3) With regard to the costs of the substantive proceedings, because the applicant is seeking to remove or diminish particular property rights that the objector has, unless they have acted unreasonably, unsuccessful objectors to an application will not normally be ordered to pay any of the applicant's costs. And successful objectors will usually be awarded their costs unless they have acted unreasonably."
"21. This paragraph follows the approach adopted by the President in an 'Addendum on costs' in Re Fairclough Homes Ltd Ref LP/30/2001. It is important to note that there was no issue in that case as to the objectors' right to the benefit of the restrictions. Accordingly, the practice direction (which echoes the language of that decision) refers to 'particular property rights that the objector has'. Where the objector's title is not in doubt, the applicant is asking the tribunal to authorise a compulsory interference with those rights for his own benefit. It is entirely reasonable that the costs rules should favour the objector.
22. I do not, however, read the practice direction as designed to cover the position where there is a substantial preliminary dispute as to whether the objector has the property right. That is much closer to a conventional property dispute, and more appropriate for the application of ordinary costs rules. There may, however, be an important difference from normal party and party litigation. In such cases, the parties are known, and, at least since the Woolf reforms, the issues should be reasonably well defined and all the cards on the table, before the litigation begins. In a restrictive covenant case, by contrast, an owner who is seeking release from restrictive covenants apparently affecting his land, particularly if they were imposed a long time ago, may have no easy way of knowing who, if anyone, is still entitled to the benefit."
"It would be difficult to formulate a single rule as to how costs are to be dealt with in the early stages since the circumstances may vary greatly."
"The judge was hearing a preliminary issue, where the onus was on the objector to establish that he indeed had the property right that the applicant was said to be attacking. Before that right was established, the costs assumption in favour of the objector did not apply: neither under the verbal terms of the directions nor under the policy to which it gives expression. So to say is not to introduce a new rule into the direction, but simply to mark that the rule that is that did not apply to the case."

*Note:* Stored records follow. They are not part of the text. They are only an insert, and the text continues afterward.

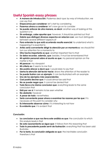 Useful Essay Phrases For A Level Spanish Teaching Resources
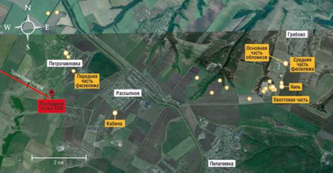 Схема разброса групп фрагментов конструкции самолета и последняя зафиксированная бортовым самописцем FDR точка его нахождения
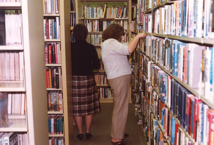 - en-CA Shelving books in the adult department of the Stamford Centre Library
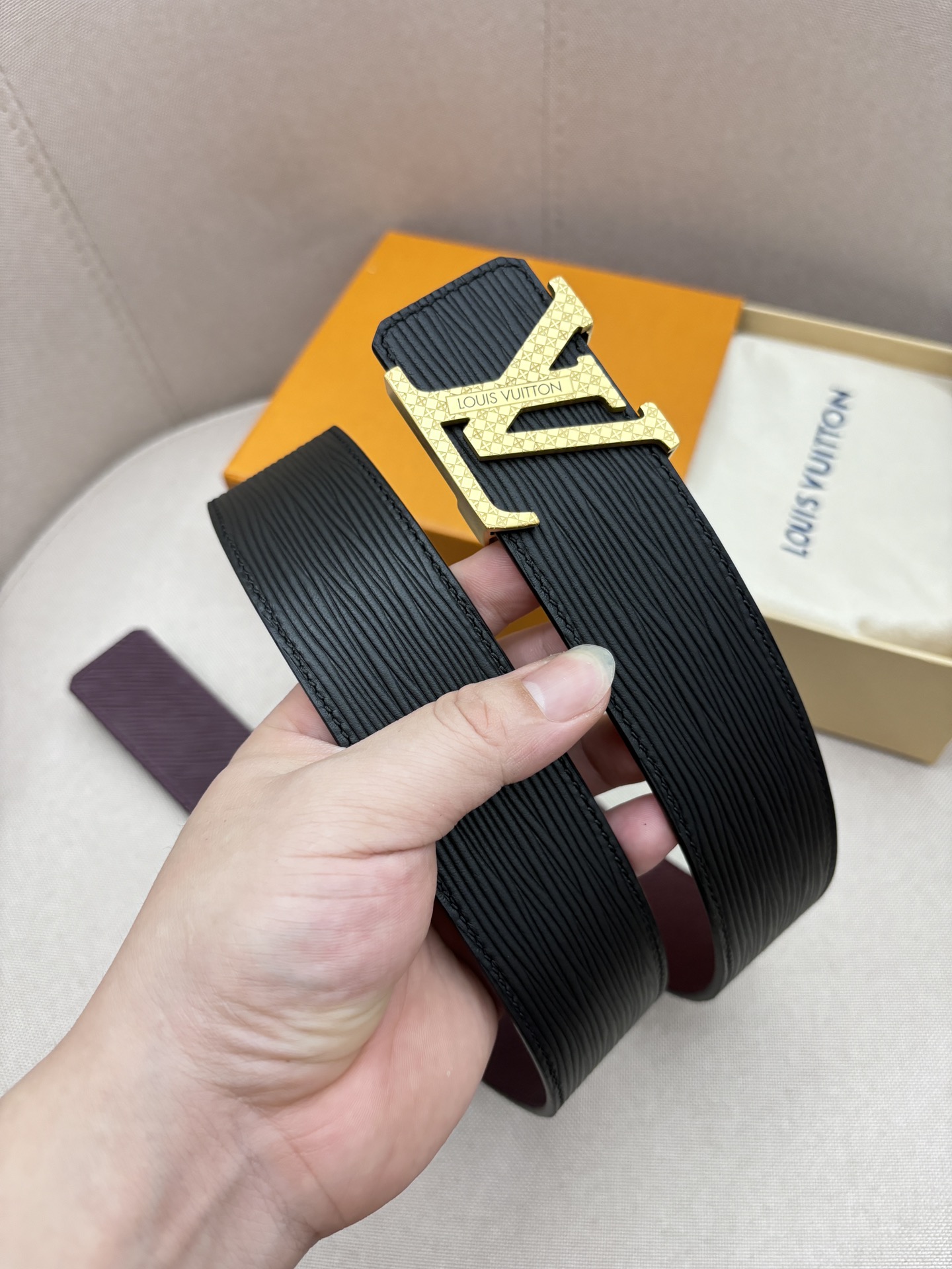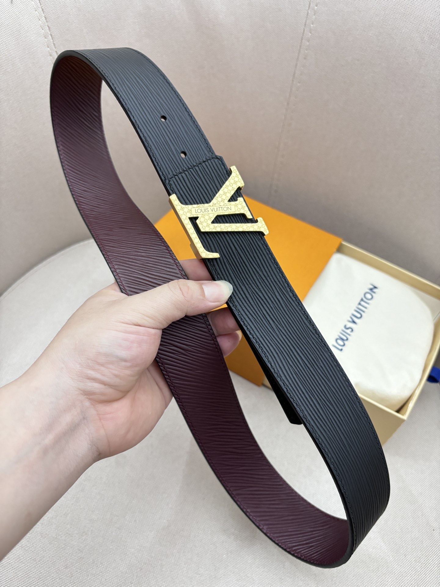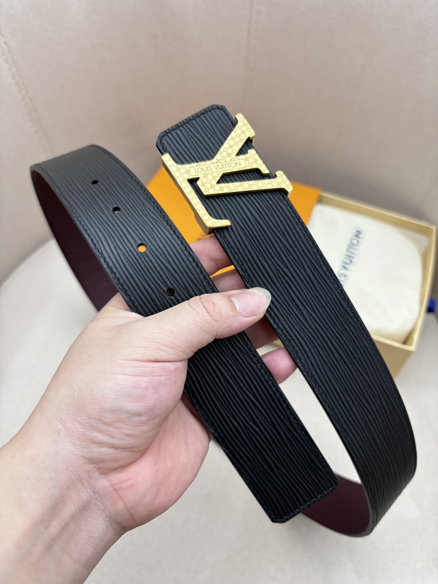 这款皮带是AAAAA 1:1 质量 (非常棒). 使用了和原版一模一样的材料. 商标部分也保持了和路易威登/Louis Vuitton一样. 图片拍摄是实物皮带拍摄, 您所收到的实物保证和我们图片一模一样.
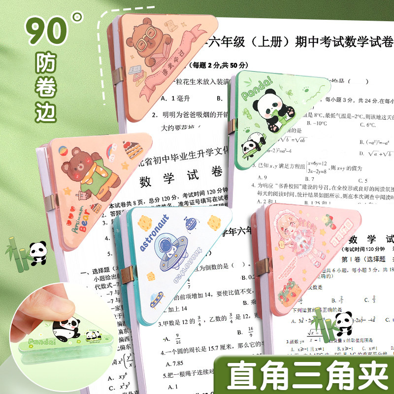 📚 三角夹书夹固定书本边角夹试卷夹收纳整理文件夹可爱卡通文字小学生资料小夹子文具夹卷子办公票据发票长尾夹
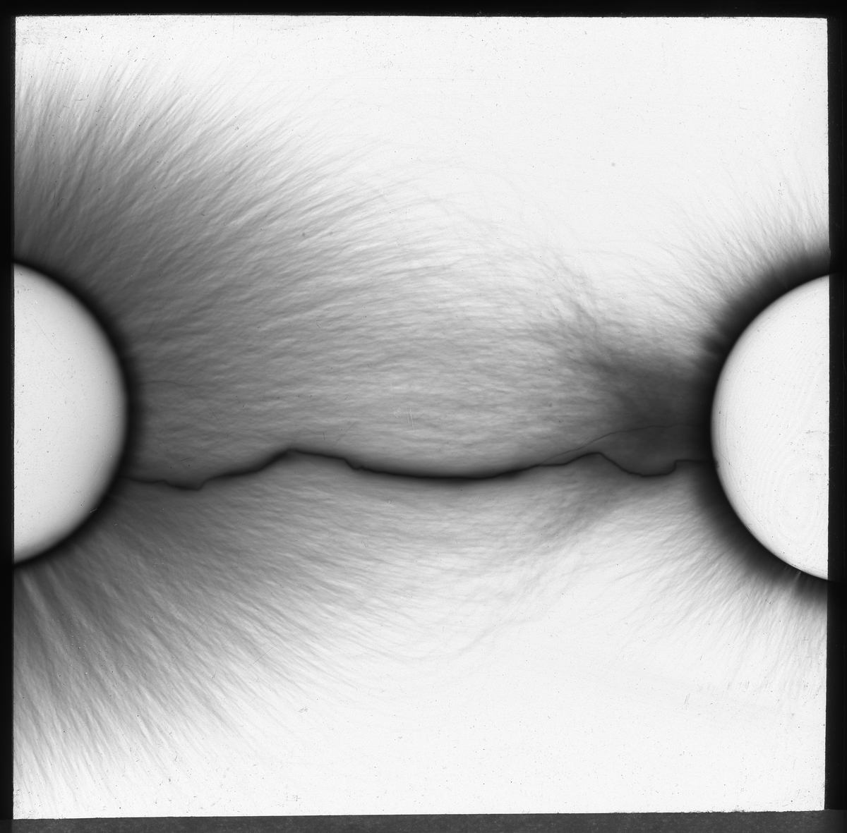 Skioptikonbild från institutionen för fotografi vid Kungliga Tekniska Högskolan. Använd av professor Helmer Bäckström som undervisningsmaterial. Bäckström var Sveriges förste professor i fotografi vid Kungliga Tekniska Högskolan 1948-1958. Bilden visar (möjligen) elektriska spänningsfält.
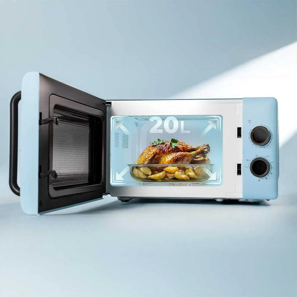 - Com sua capacidade de 20 L e um design compacto, este micro-ondas maximiza seu espaço interior, tornando-se o aliado perfeito para preparar seus pratos favoritos com total conforto.
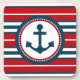 Nautical design with anchor decoration in round shape on red, blue and white striped background
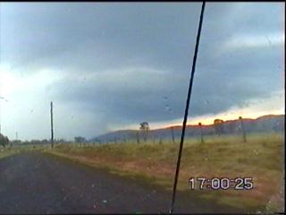 The main core was still to the west, and it was giving out a CG every 5-10 seconds! So it was quite impressive to watch! I ran out of �2WDable� dirt roads (they were getting far too soft), so I had to head back onto sealed roads before the storm moved over. I went through the edge of the storm and got some moderate rain. Not much, but it would have been much heavier to my west!

"The general rule is that an unsuccessful objector will not have to pay the costs of the applicant unless it has acted unreasonably. I agree with the objector that it was not unreasonable for it to seek an early determination of the issues in order to avoid the costs of a full hearing. That is particularly the case given the respondent's time estimate for a full hearing (although I would add that 10 days seems to me to be a gross over-estimate and it is unlikely that the Tribunal will permit anything like as much time as this to be taken up). It would not be appropriate in my view to order at this stage that the objector should pay the applicant's costs. The effect of the Practice Direction is that in the event that the substantive application is unsuccessful the applicant will have to pay the objector's costs unless the objector has acted unreasonably; and if the application is successful the objector will not have to pay the applicant's costs unless it has acted unreasonably. The costs of these preliminary issues should be considered in the light of the final result of the originating application. The order therefore is that the costs of the preliminary issues are costs in the application."
"The effect of the order is that:
(a) if the originating application is in due course successful and no order for costs is made (on the basis that the objector did not act unreasonably in opposing the application) no costs of the preliminary issue will be payable by either party;
(b) if the application is successful and an order for costs is made against the objector (on the basis that it acted unreasonably), the costs will include the costs of the preliminary issue; and
(c) if the application is unsuccessful and an order for costs is made against the applicant, the costs will include the costs of the preliminary issue."